In 1945, Nasretdin married. With his wife Habibä Sadik he operated a photography shop in Helsinki for over forty years. Their other son, Samil, has continued with the shop since, located in Fredrikinkatu.

Nasretdin's work was versatile. He photographed sports events, daily life and notable figures, both Finnish and foreign. Local people who Nasretdin photographed include for example presidents Kaarlo Juho Ståhlberg and Urho Kekkonen, architect Alvar Aalto, sculptor Wäinö Aaltonen and actor Tauno Palo. Wide variety of international guests include Prince Tsuneyoshi, Princess Sibylla, politician Nikolai Bulganin, actor Gregory Peck and Kazan Tatar composer Röstäm Yäxin.

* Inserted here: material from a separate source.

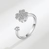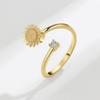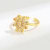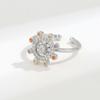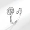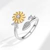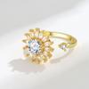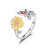 Pierścień z cyrkonii z otwartym kwiatem, damski pierścień z niszą, dwukolorowy słonecznik, podwójna kamelia, spersonalizowany, uniwersalny, regulowany pierścień z wiatrakiem

Nasretdin was an active member in different photography clubs and unions. He was awarded an artist's pension in 1987 and also other accolades. During his later years, after retiring from his profession, Nasretdin spent his days boating and fishing at his house in Dalsbruk. Nasretdin treated his sick wife for her final years. Nasretdin himself died at the age of 90 in Myllypuro, Helsinki.